Adapun ulama dibidang kedoktoran, teknik, mate­matik, fizik dan lain-lain, maka harus diakui masih tertinggal jauh dalam kurikulum pendidikannya di perguruan tinggi, walaupun telah banyak dihasilkan ilmuan diberbagai bidang sekarang ini. Hal ini terbukti dengan masih banyaknya pengiriman tugas belajar mahasiswa-mahasiswa ke negeri-negeri barat maupun Timur untuk mempelajari ilmu-ilmu tersebut dalam bentuk yang lunak dan cara praktis dan produktip. Dan sebagian besar mereka tidak mau kembali ke negerinya sebaliknya jika kita menengok masa lampau justru negara-negara barat yang berbondong-bondong mendatangi negeri-negeri Islam untuk menimba ilmu dari mereka.


Keadaan ini bertambah parah dengan tindakan mahasiswa-mahasiswa yang telah selesai di negeri kita, tidak sedikit yang berhijrah ke negeri barat semenjak perang dunia kedua. Data yang dimuat oleh majalah AI Ummah terbitan Qatar no. 45, Mac1985, me­nunjukkan contoh bahwa di Amerika ada sekitar 5000 (lima ribu) orang ahli dari pelbagai bidang ilmu berasal dari Mesir, dan 4000 (empat ribu) doktor dari Syria yang bekerja di Eropa dan Amerika. Sementara itu sebagian data terakhir menunjukkan bahwa majoriti doktor yang bekerja di Inggeris adalah beragama Islam. Ini hanya contoh dibidang kedoktoran, belum dibidang teknik, matematik, fizik, dan ilmu-ilmu lain­nya.

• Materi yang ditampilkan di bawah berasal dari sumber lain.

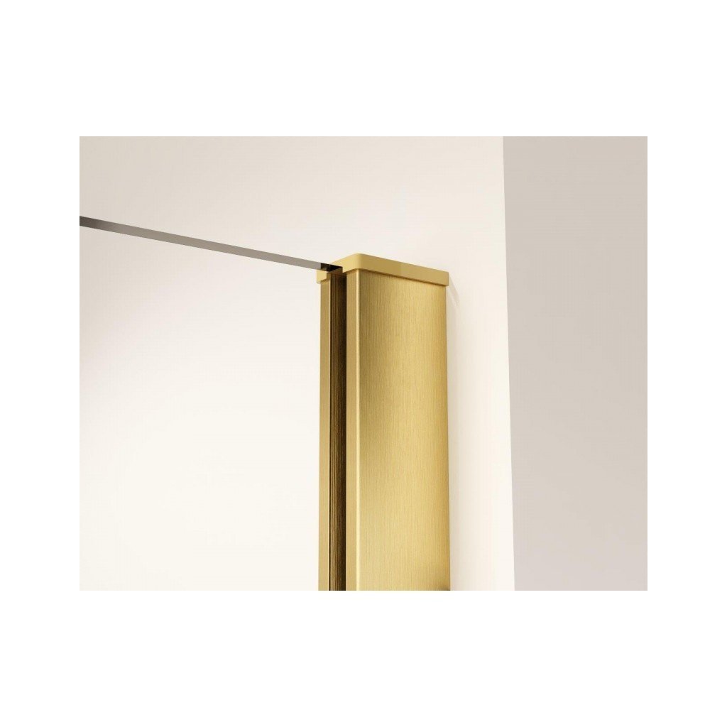 Sprchová zástena walk-in Single je vyrobená z 8 mm číreho tvrdeného bezpečnostného skla, ktoré je ku stene pripevnené so zlatou vzperou na protiľahlú stenu. Horná hranatá vzpera zabezpečuje maximálnu pevnosť a stabilitu sprchovej zásteny pri jeho každodennom používaní.
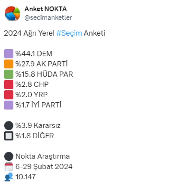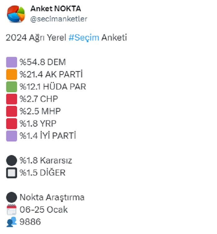 Nokta Anket Şirketinin Ağrı ile ilgili Mahalli İdareler Seçimleri anketinde önemli değişimler var.
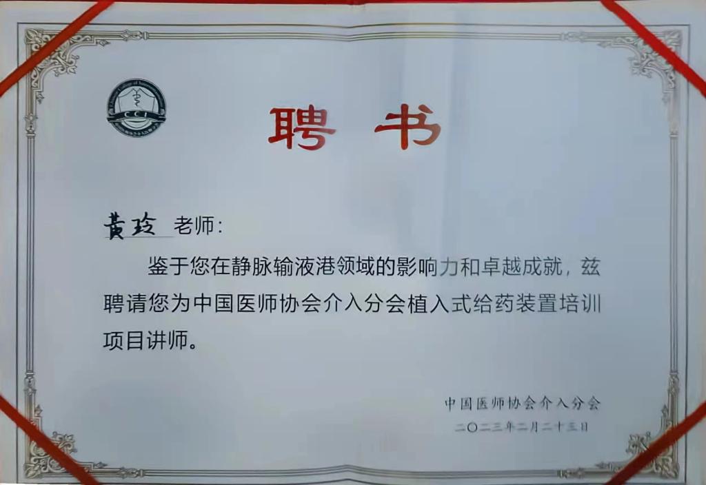 近日,首批中国医师协会介入医师分会植入式给药装置(静脉输液港)培训基地授牌仪式在南京举行,中国科学院滕皋军院士为全国25家医院颁授培训基地牌匾,井冈山大学附属医院为首批入选医院之一。我院介入与血管外科黄玲博士被聘为培训讲师。

Sekalipun tidak ada data-data yang konkrit tentang jumlah ulama-ulama (ilmuwan) muslim secara terperinci di negara-negara barat, tetapi paling tidak mereka berjumlah puluhan ribu orang. Tetapi apalah artinya jumlah yang banyak ini, apabila mereka tidak bertolak cara berfikir yang Islami, tidak sensitif dengan masalah yang dihadapi ummat, tidak berusaha dan berfikir dan bagaimana ummat ini tegak kembali di mata bangsa-bangsa lain sebagaimana sedia kala??


Oleh karena itu barang kali kita harus mengatakan dengan perasaan pilu dan sedih bahwa lahan yang dimiliki ummat telah hilang kesuburannya untuk menghasilkan manusia-manusia besar, yaitu "Ulamaaul 'Amiluun", ulama yang berbuat demi tegaknya Islam, kecuali beberapa gelintir orang yang ditemukan disebahgian negeri Islam. Bahkan mereka yang kini berfikir tentang Islam, berbuat untuk Islam, dalam segi kehidupannya, sesungguhnya mereka belum dapat menandingi ulama-ulama terdahulu yang mempunyai kemampuan mencipta dan menemukan berbagai ilmu pengetahuan dalam waktu bersamaan, melahirkan ulama-ulama di berbagai cabang ilmu, kedoktoran, bahasa, falsafah, geografi, psikologi kimia, hadits, fiqih, sejarah, dan lain-lain, dan seorang dapat memiliki pelbagai macam bidang keahlian, dan seorang dapat memiliki pelbagai macam bidang keahlian. Diantara mereka seperti contoh Al 'Alimul kabir "Muwafiquddin Al Baghdadi", serta ratusan ribu ulama lain. Hal ini semacam belum pernah terjadi di muka bumi sebelum dan sesudahnya kecuali dalam diri orang-orang muslim.